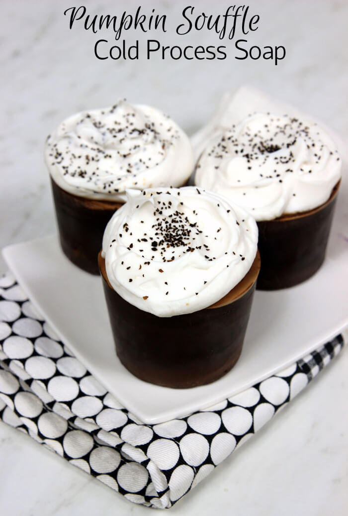 Pumpkin Souffle Fragrance Oil is another scent in the collection. It has notes of pumpkin, baked goods, espresso and pecan. It’s used in the Pumpkin Souffle Cold Process Soaps, which are made in disposable cups and topped with fluffy white soap and used coffee grounds. They’re a perfect gift for someone with a sweet tooth.
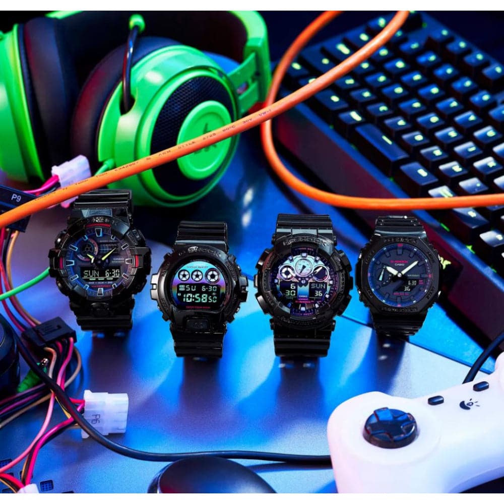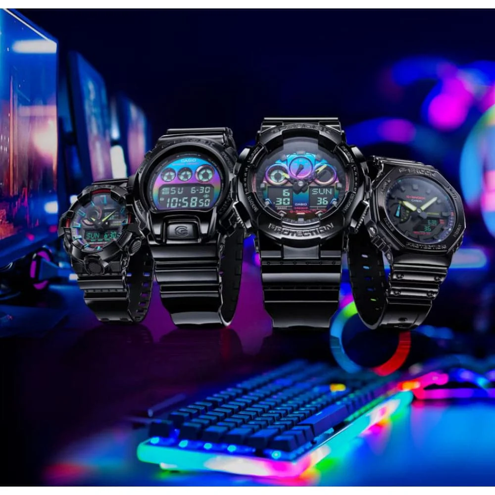 Venture into the Virtual Rainbow lineup — explore the colorful spectrum that emerges when the cybertech game-world aesthetic meets the G-SHOCK quest for the ultimate toughness.
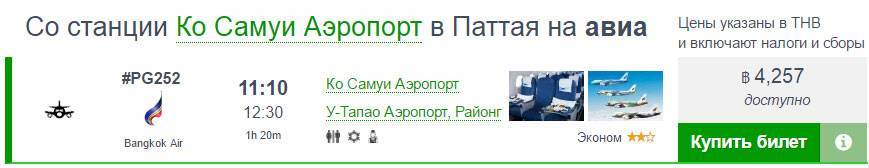 Стоимость авиабилета Паттайя – Самуи авиакомпании Бангкок Эйрвейс – 4970 батов со сборами(150$)
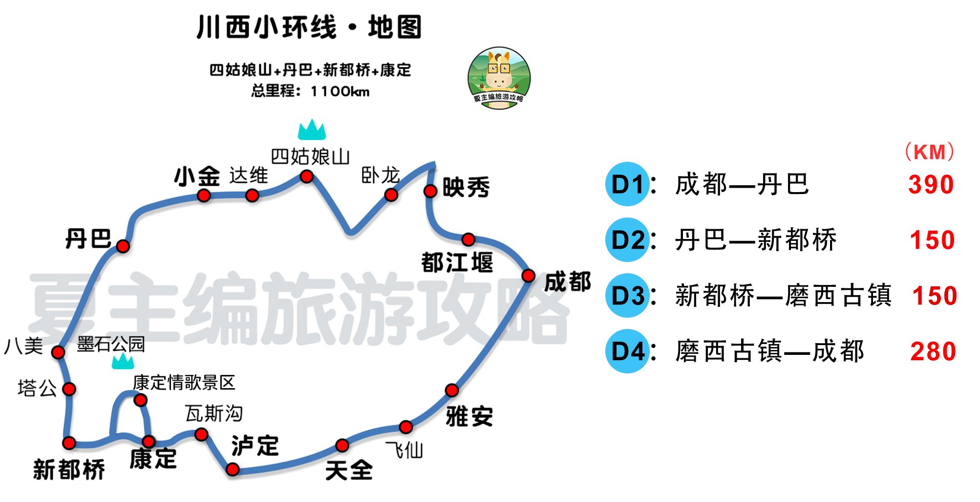原本川西大环线“成都G317观音桥镇”的线路,改成了“成都G350观音桥镇”。修改后的线路,经过了G350熊猫大道,自然风光更加丰富多姿了,可多游玩卧龙自然保护区、四姑娘山、丹巴藏寨、碉楼等景观。
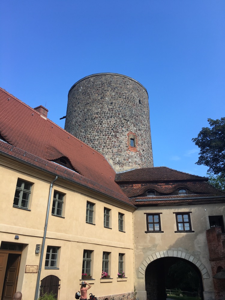 Na Wittenberg vervolgden we de route heel fraai door de heuvels van de Fläming (eigenlijk een stuwwal), een afwisseling van bos, graanvelden en overige landelijke omgeving. Middenin dit gebied bezochten we Burg Rabenstein voor wat te drinken en te eten (Kuchen) en een bezoek aan de stoere toren. Daarin een leuk soort mini-museum en vanaf de toren fraaie vergezichten over de Fläming.
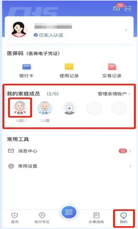 绑定成功后,回到首页点击【我的】—【我的家庭成员】板块,点击对应家庭成员的头像,就能获取家人的医保电子凭证了!

+ + + +

Work required – Reproduce the full material exactly, excluding the pictures.

Result –
 Pumpkin Souffle Fragrance Oil is another scent in the collection. It has notes of pumpkin, baked goods, espresso and pecan. It’s used in the Pumpkin Souffle Cold Process Soaps, which are made in disposable cups and topped with fluffy white soap and used coffee grounds. They’re a perfect gift for someone with a sweet tooth.
 Venture into the Virtual Rainbow lineup — explore the colorful spectrum that emerges when the cybertech game-world aesthetic meets the G-SHOCK quest for the ultimate toughness.
 Стоимость авиабилета Паттайя – Самуи авиакомпании Бангкок Эйрвейс – 4970 батов со сборами(150$)
原本川西大环线“成都G317观音桥镇”的线路,改成了“成都G350观音桥镇”。修改后的线路,经过了G350熊猫大道,自然风光更加丰富多姿了,可多游玩卧龙自然保护区、四姑娘山、丹巴藏寨、碉楼等景观。
 Na Wittenberg vervolgden we de route heel fraai door de heuvels van de Fläming (eigenlijk een stuwwal), een afwisseling van bos, graanvelden en overige landelijke omgeving. Middenin dit gebied bezochten we Burg Rabenstein voor wat te drinken en te eten (Kuchen) en een bezoek aan de stoere toren. Daarin een leuk soort mini-museum en vanaf de toren fraaie vergezichten over de Fläming.
 绑定成功后,回到首页点击【我的】—【我的家庭成员】板块,点击对应家庭成员的头像,就能获取家人的医保电子凭证了!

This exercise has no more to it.